Now that Robert Green has been forced to resign as president of the University of the District of Columbia, it is tempting to think that a dynamic and effective new president, like a knight in shining armor, will solve the university's problems. It's a temptation that we should avoid: Bob Green was only a part of UDC's problem.
While Green's fall from grace exposed the blatant political cronyism on the board and within the administration that needs urgent redress, a more hidden but equally damaging problem is the deep conflict over the university's mission that has divided faculty, residents and City Council members.
Charges of cronyism initially arose when Mayor Marion Barry handpicked 11 of the board's 15 trustees, including Herbert O. Reid Sr., his legal counsel and personal troubleshooter. Later, the mayor sent Dwight Cropp to work part time as an assistant to Green. Shortly after Green became president in September 1983, he made Cropp a UDC vice president and Cropp's old office hired a friend of Green's and a relative of a UDC board member for positions in the District Building.
"This is politicization of an institution in ways unprecedented in modern times," one UDC insider remarked this week.
While cronyism is a natural part of politics, it can be a dangerous game that can destroy the educational values of a university; indeed, cronyism begets cronyism. When politicians are granted the right to appoint a majority of the board of an institution of higher learning, the temptation is to make those appointments based on loyalty rather than solely on competence and ability. By selecting individuals, in some cases, on a political basis, Barry turned UDC into just another patronage slot.
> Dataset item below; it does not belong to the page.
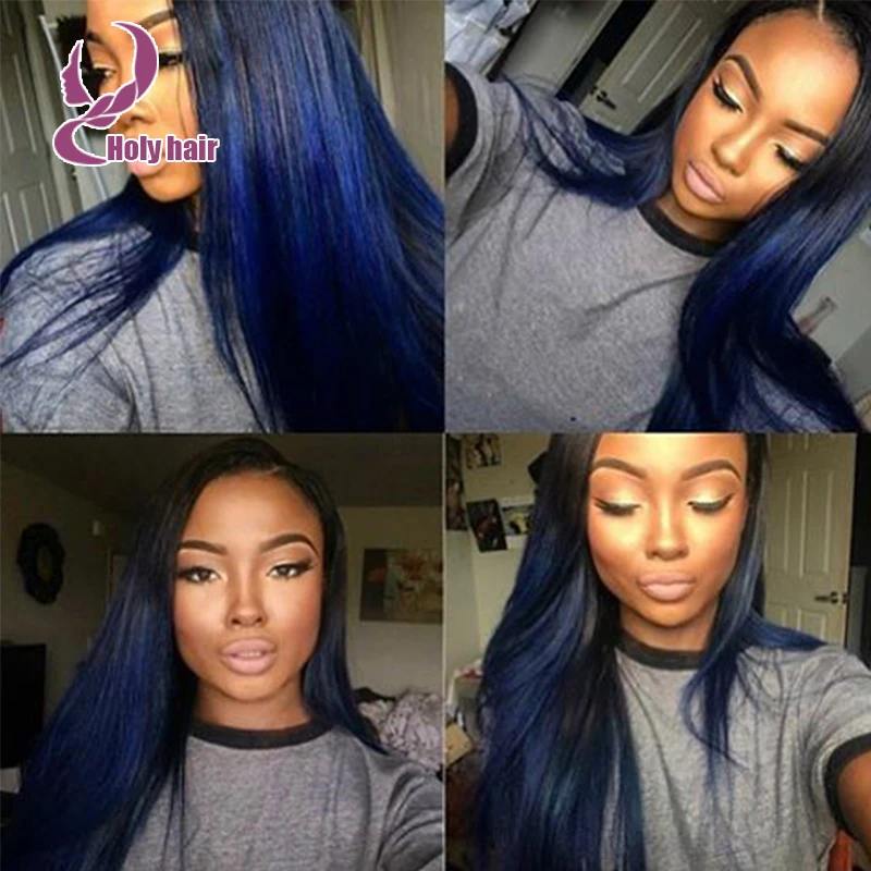 130 Density Lace Front Wig Color 1b Blue Ombre Straight Hair Virgin Human Lace Wig Virgin Human Hair Extensions Virgin Hair Fantasy Dyhair777 Com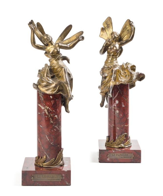 Le Papillon and La Libellule, each raised on a cylindrical pedestal.

The primary reason the UDC administration was able to become larded with cronyism in the first place was that the university lacked an appropriate system of checks and balances to prevent it. That is why the role of D.C. Auditor Otis H. Troupe is so important. It was in part a fiscal check by Troupe that brought to light Green's misspending of thousands of dollars in university funds. Appointed by the City Council chairman, Troupe is not under the mayor's thumb and provides an important check on the mayor's power from within the government.
A similar procedure needs to be instituted at UDC. One obvious mechanism could be to rewrite UDC's charter so that both the City Council and the mayor would have to concur on the selection and appointment of members of the UDC Board of Trustees -- and even its new president.
Yet as important as those steps are, they will have little impact on UDC unless a basic philosophical rift is healed. UDC was formed in 1977 with the merging of staid old D.C. Teachers College, the Washington Technical Institute and the progressive liberal arts institution, Federal City College. The merging of this unlikely triumvirate has left a legacy of deep division. Eight years later, faculty members still identify themselves as "FCC," "WTI" or "DCTC." The result is faculty infighting and turf battles in which one unit often is pitted against another.
Underlying that discord is divisive conflict over UDC's mission. Some council members think the university should just be a vocational institution for poor kids and don't feel students from east of the Anacostia River need an opportunity for higher education. Some faculty members, on the other hand, despise the fact that UDC is an open admissions university. "It is a class clash that is a 1985 version of the W.E.B. DuBois -- Booker T. Washington argument over technical training versus liberal arts education for the poor," said one UDC administrator.
"We have to create some kind of new thrust where the faculty forgets the university where they used to work and looks at where we are going in terms of UDC," said a faculty member. If UDC is to ever thrive as one of Washington's premier educational institutions, faculty members, administrators, City Council members and the mayor must all reach agreement on the university's mission and rededicate themselves to fulfilling its goals.
Whatever the origin of UDC's problems, for many young people in this city UDC represents the only hope for a brighter future. A knight in shining armor alone cannot help them, but a solid educational institution, unencumbered by politics, could improve their lives.